— Your instructions —
Leaving out the images, reproduce every line of the data that follows exactly.

— Data —
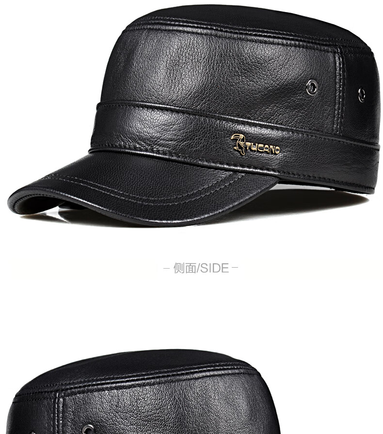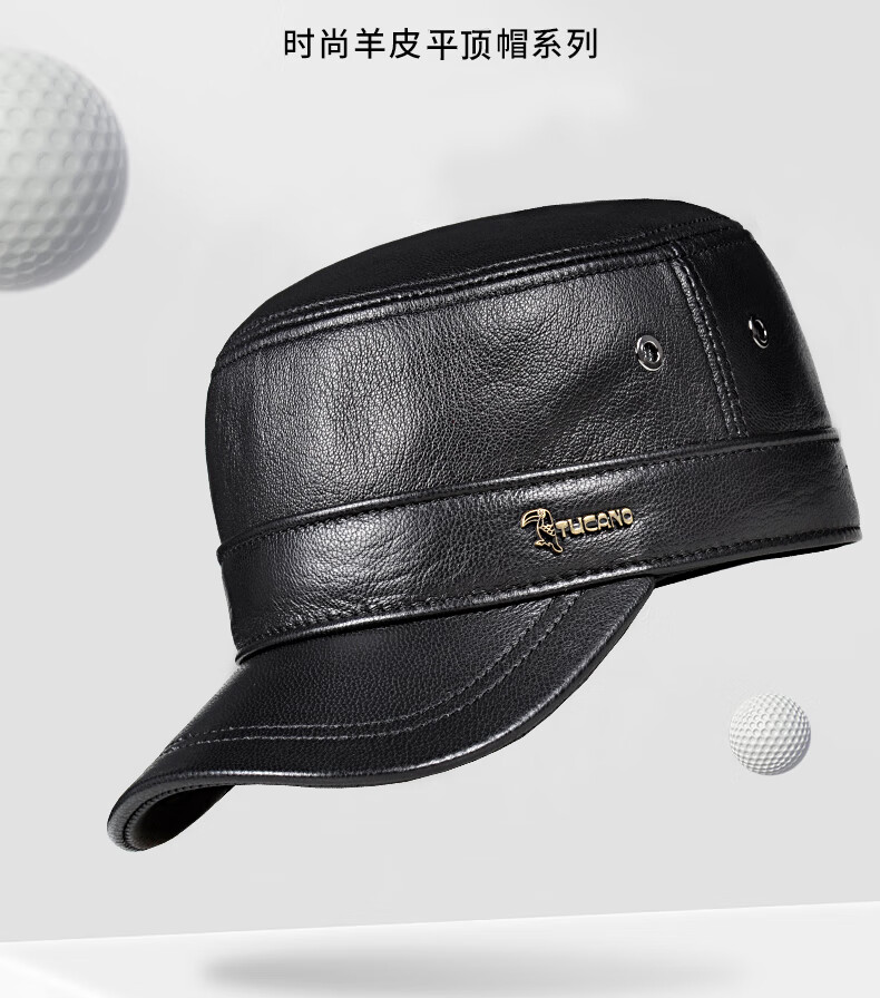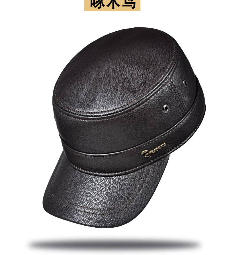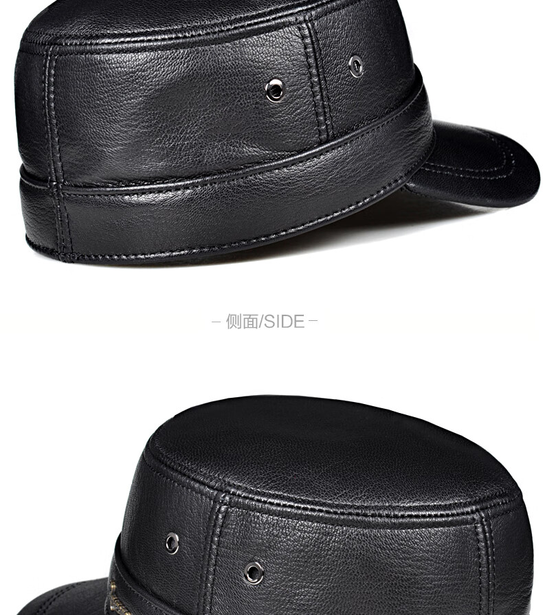 Woodpecker sheepskin hat men's autumn and winter genuine leather hat men's duck tongue flat cap for middle-aged and elderly people warm and cotton-fashionable seal black sheepskin thin style (no ear protection) XXL (59-60cm) small internal adjustment
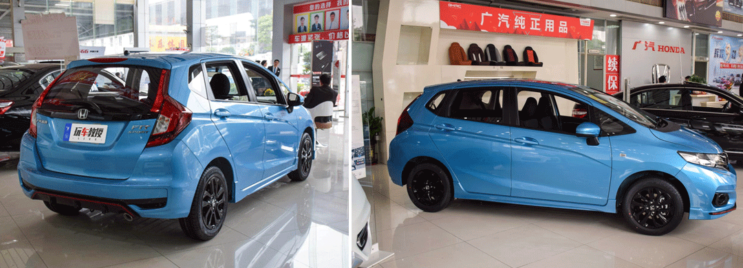 现款飞度与美版的飞度车型共享了外观的细节设计,新的蜂窝状进气格栅,配合潮跑版车型特有的下包围套件,而且在前唇还加入了红色线条装饰,其冲击力相当强!而熏黑色的轮毂绝对有个性,尾部的后扩散器也加入了红色线条描边细节,带有一定的性能味!
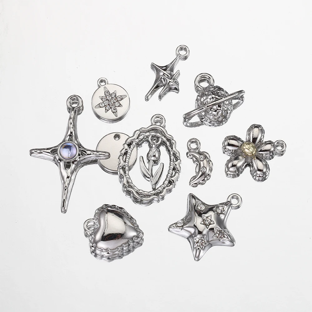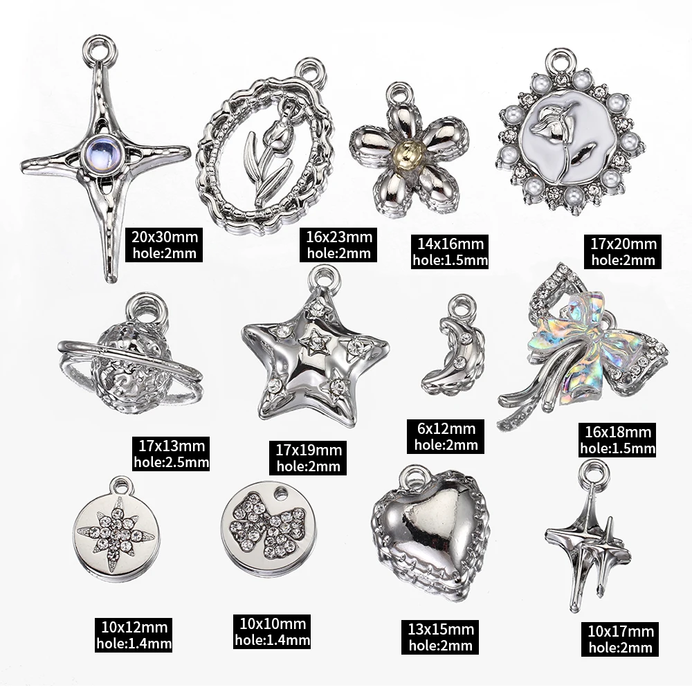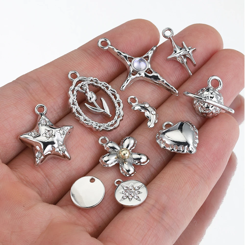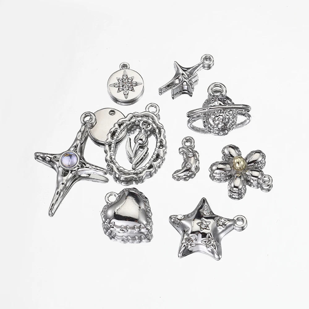 2pcs Rhinestone Chrams Silver Color Crystal Beads Pendants Y2K Style Jewelry Making Accessories Charms for DIY Necklace Bracelet
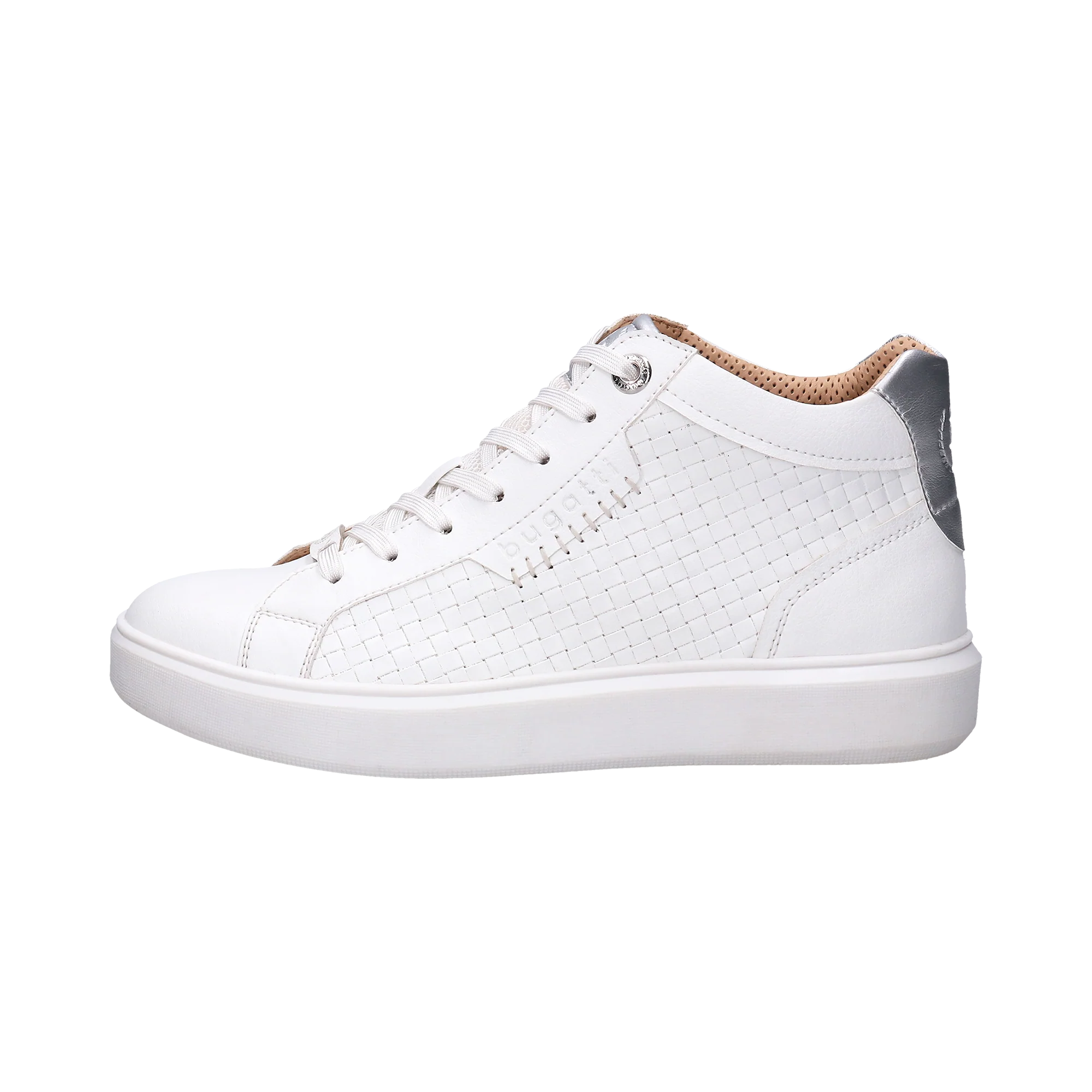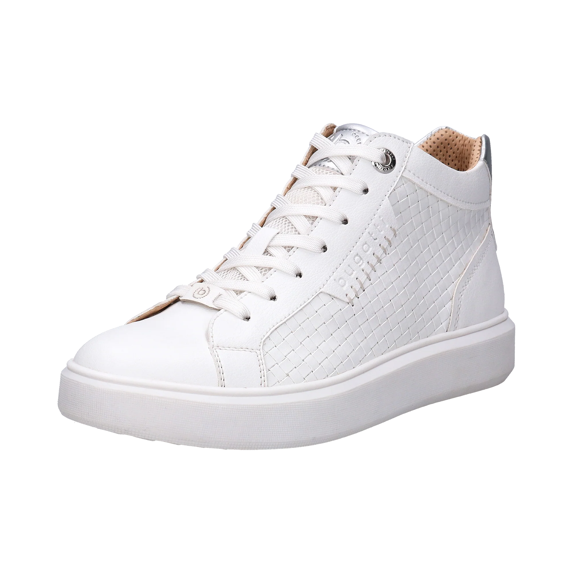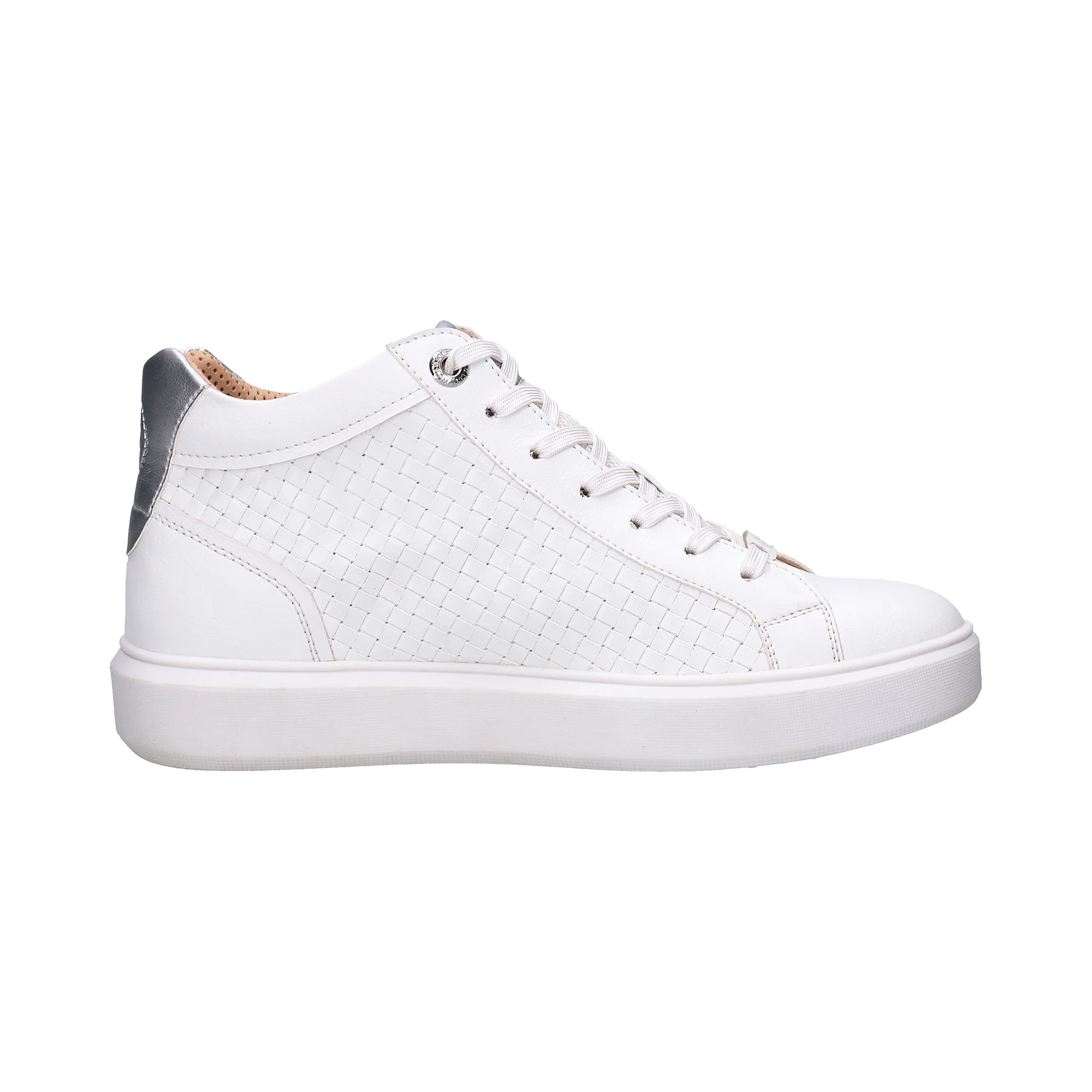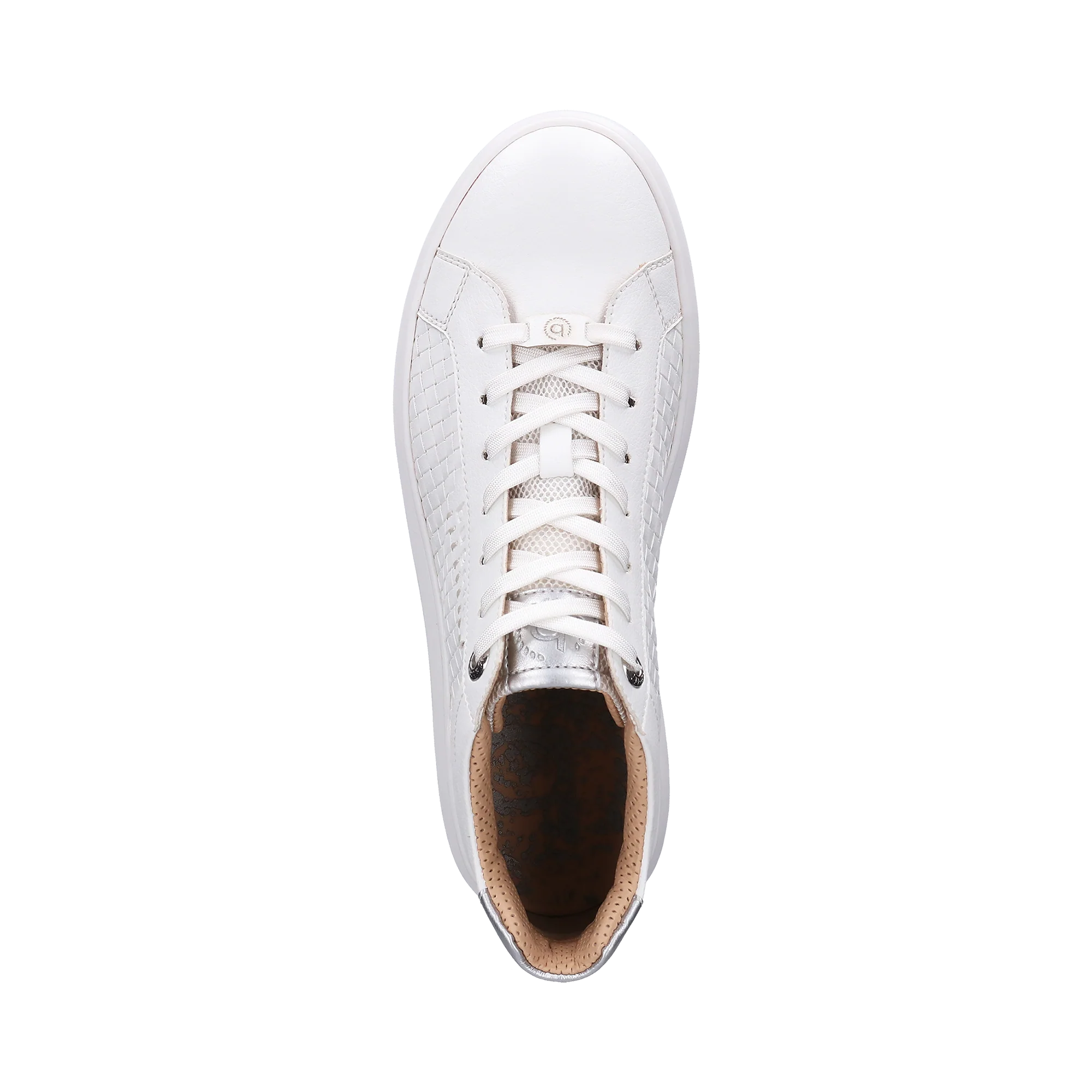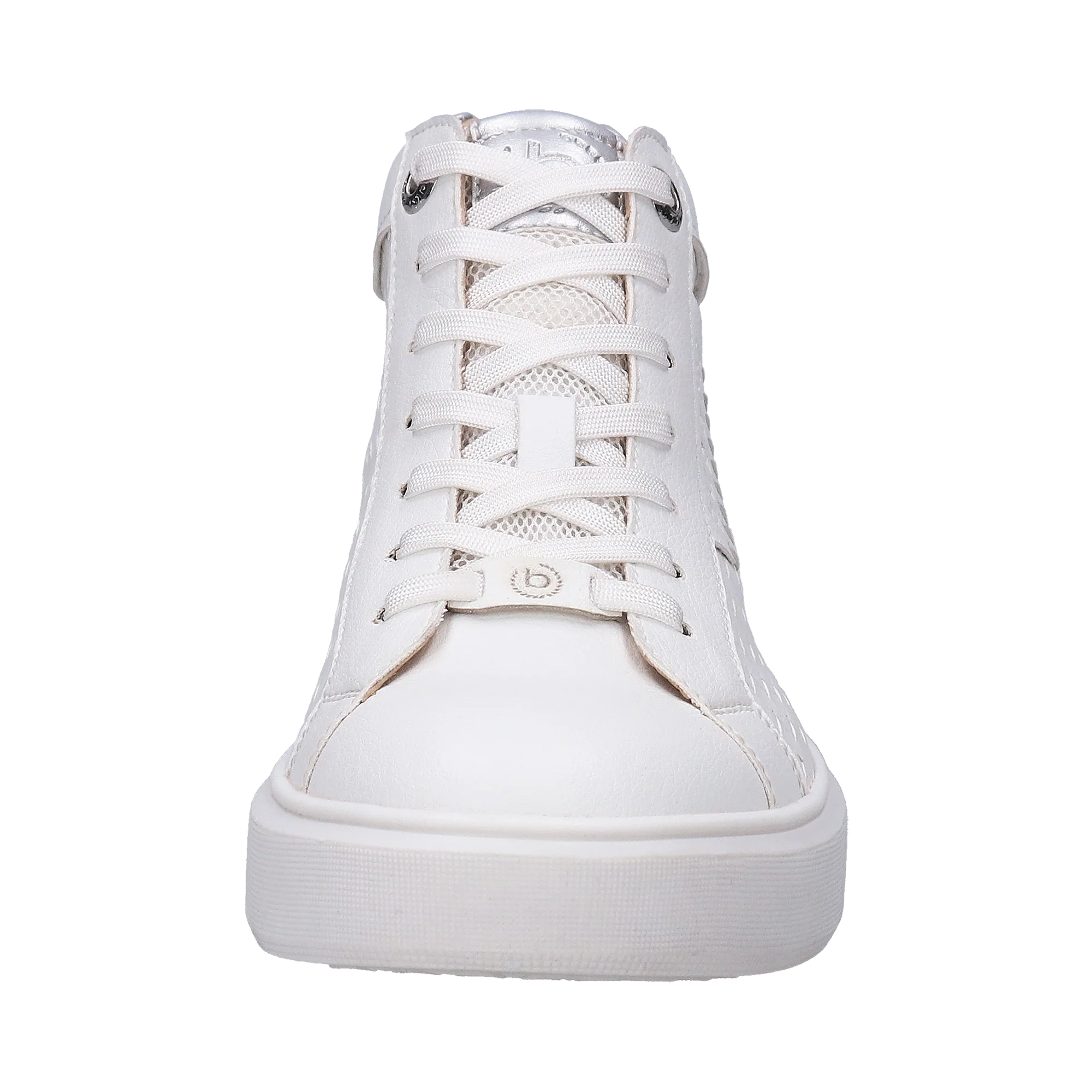 Sportlich lässig konzipiert bestehen diese Sneaker Boots aus weißem Leder mit Brandingeffekt und silberner Fersenkappe als Kontrast. Sie sind ausgestattet mit eleganter Schnürung und leichter Sohle für ein insgesamt optimales Komfortgefühl.

— Result of this task —
 Woodpecker sheepskin hat men's autumn and winter genuine leather hat men's duck tongue flat cap for middle-aged and elderly people warm and cotton-fashionable seal black sheepskin thin style (no ear protection) XXL (59-60cm) small internal adjustment
 现款飞度与美版的飞度车型共享了外观的细节设计,新的蜂窝状进气格栅,配合潮跑版车型特有的下包围套件,而且在前唇还加入了红色线条装饰,其冲击力相当强!而熏黑色的轮毂绝对有个性,尾部的后扩散器也加入了红色线条描边细节,带有一定的性能味!
 2pcs Rhinestone Chrams Silver Color Crystal Beads Pendants Y2K Style Jewelry Making Accessories Charms for DIY Necklace Bracelet
 Sportlich lässig konzipiert bestehen diese Sneaker Boots aus weißem Leder mit Brandingeffekt und silberner Fersenkappe als Kontrast. Sie sind ausgestattet mit eleganter Schnürung und leichter Sohle für ein insgesamt optimales Komfortgefühl.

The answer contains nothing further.